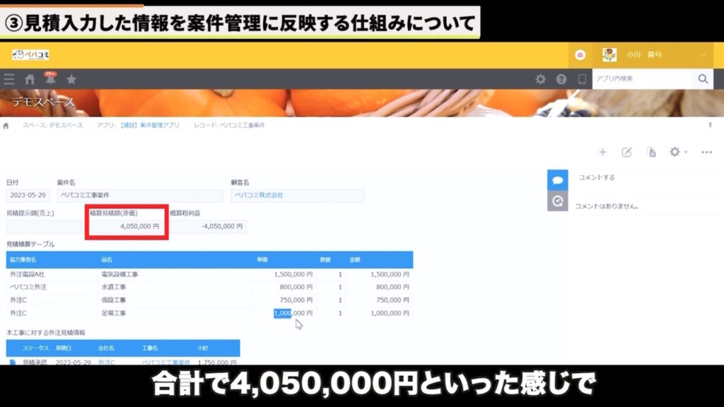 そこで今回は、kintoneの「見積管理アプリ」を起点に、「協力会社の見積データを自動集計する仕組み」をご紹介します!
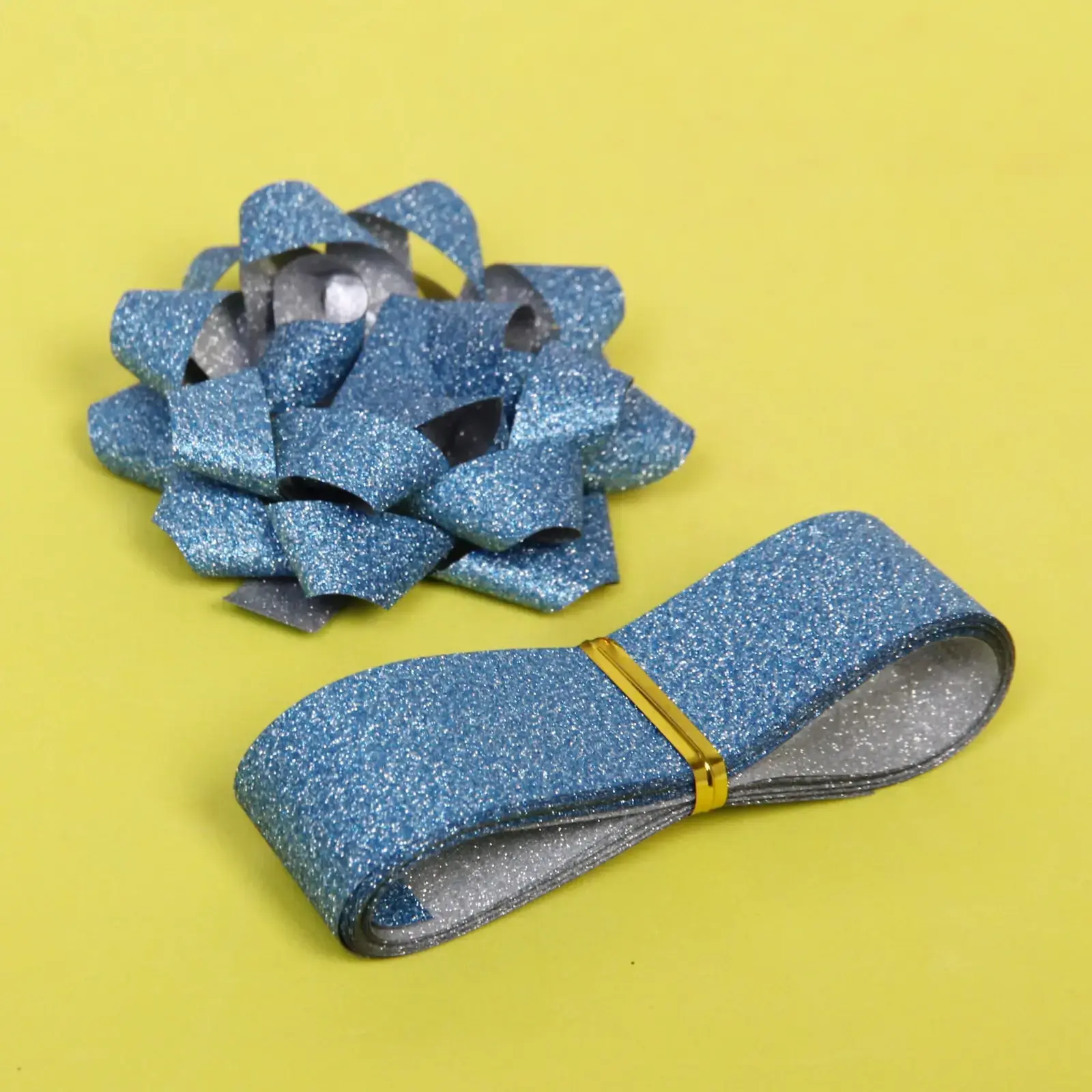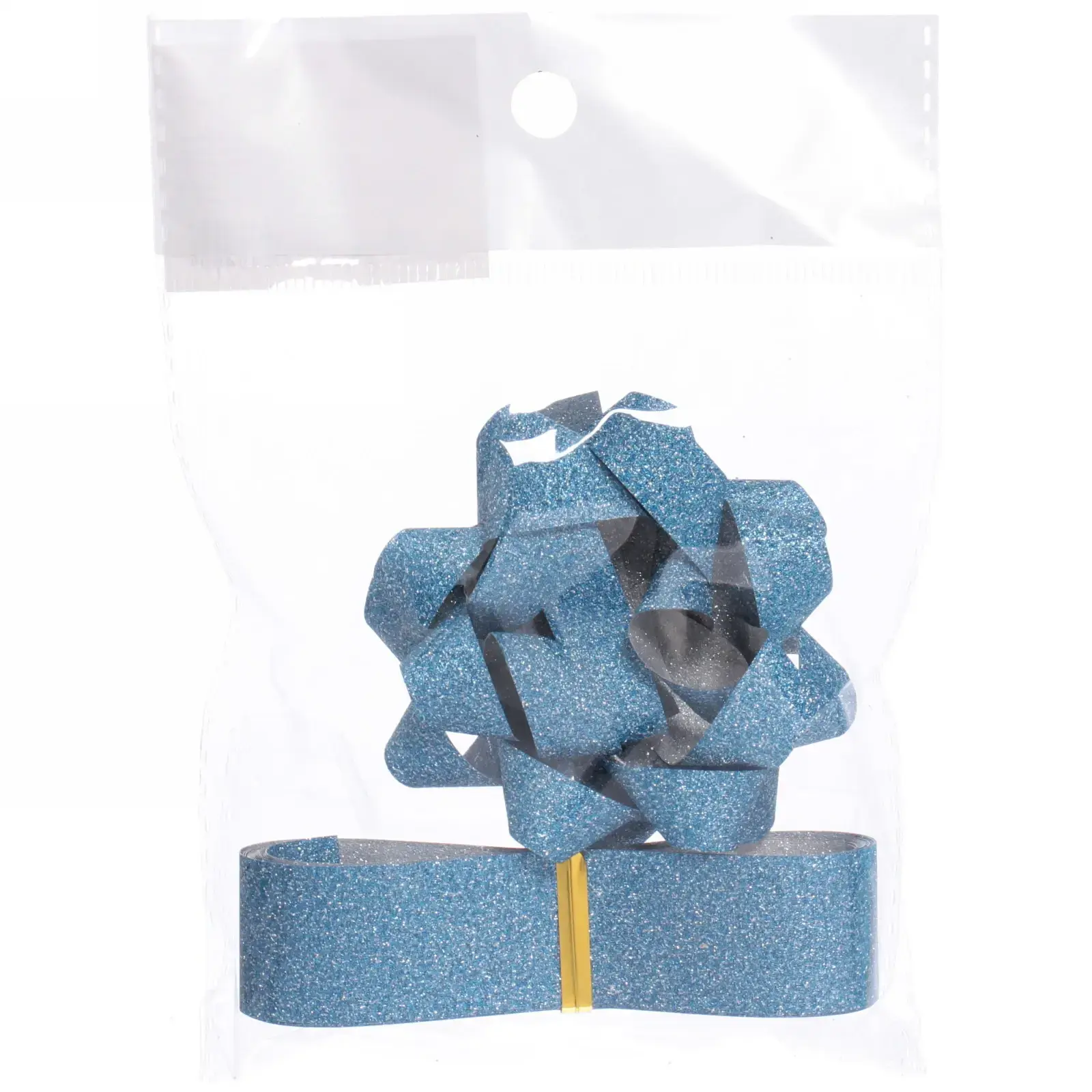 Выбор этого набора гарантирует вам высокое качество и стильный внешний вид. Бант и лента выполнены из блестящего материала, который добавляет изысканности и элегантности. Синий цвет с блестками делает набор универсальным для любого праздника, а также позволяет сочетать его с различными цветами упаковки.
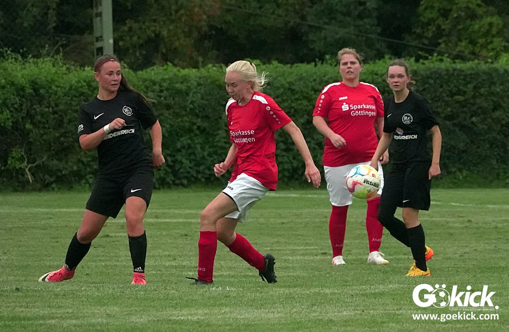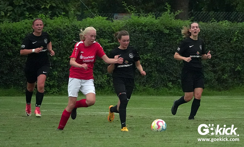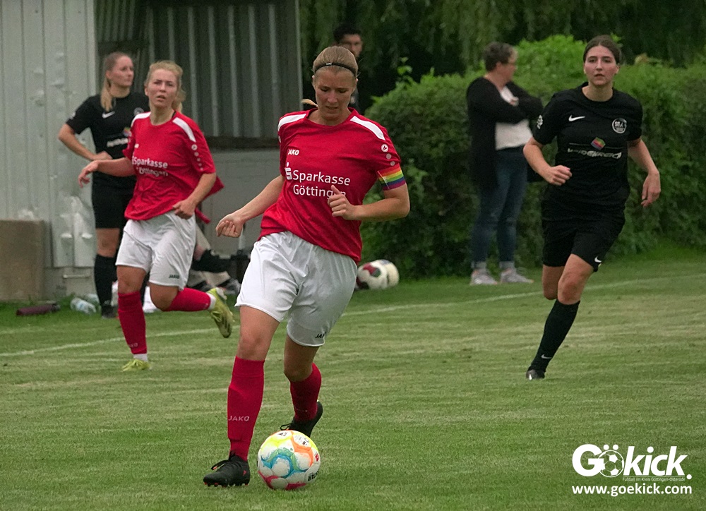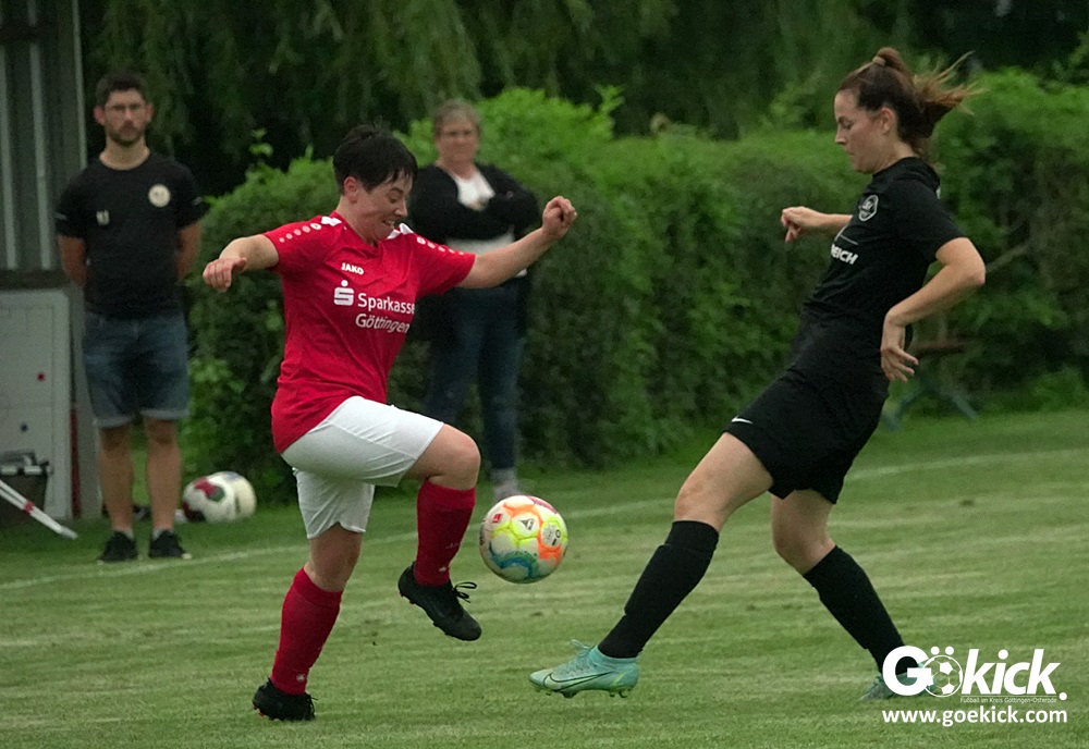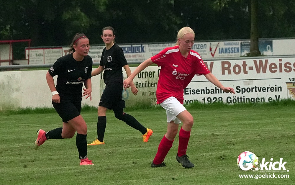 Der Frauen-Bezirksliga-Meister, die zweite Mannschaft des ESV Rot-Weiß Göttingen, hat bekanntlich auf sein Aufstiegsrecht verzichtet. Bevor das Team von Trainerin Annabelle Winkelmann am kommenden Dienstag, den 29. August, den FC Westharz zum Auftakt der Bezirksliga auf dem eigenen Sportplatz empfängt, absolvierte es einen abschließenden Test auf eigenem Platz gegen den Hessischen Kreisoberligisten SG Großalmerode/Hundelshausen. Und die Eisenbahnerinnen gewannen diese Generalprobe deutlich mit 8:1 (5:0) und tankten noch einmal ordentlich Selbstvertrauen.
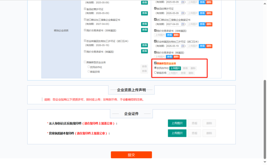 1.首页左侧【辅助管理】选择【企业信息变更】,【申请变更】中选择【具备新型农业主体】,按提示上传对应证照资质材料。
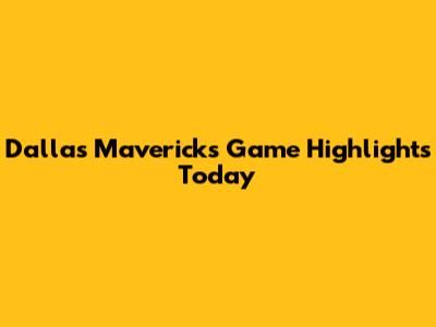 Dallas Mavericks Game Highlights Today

○ ○ ○ ○

WORK REQUEST:
Would you transcribe all of the entries above exactly, minus the images?

SOLVED PROBLEM:
 そこで今回は、kintoneの「見積管理アプリ」を起点に、「協力会社の見積データを自動集計する仕組み」をご紹介します!
 Выбор этого набора гарантирует вам высокое качество и стильный внешний вид. Бант и лента выполнены из блестящего материала, который добавляет изысканности и элегантности. Синий цвет с блестками делает набор универсальным для любого праздника, а также позволяет сочетать его с различными цветами упаковки.
 Der Frauen-Bezirksliga-Meister, die zweite Mannschaft des ESV Rot-Weiß Göttingen, hat bekanntlich auf sein Aufstiegsrecht verzichtet. Bevor das Team von Trainerin Annabelle Winkelmann am kommenden Dienstag, den 29. August, den FC Westharz zum Auftakt der Bezirksliga auf dem eigenen Sportplatz empfängt, absolvierte es einen abschließenden Test auf eigenem Platz gegen den Hessischen Kreisoberligisten SG Großalmerode/Hundelshausen. Und die Eisenbahnerinnen gewannen diese Generalprobe deutlich mit 8:1 (5:0) und tankten noch einmal ordentlich Selbstvertrauen.
 1.首页左侧【辅助管理】选择【企业信息变更】,【申请变更】中选择【具备新型农业主体】,按提示上传对应证照资质材料。
 Dallas Mavericks Game Highlights Today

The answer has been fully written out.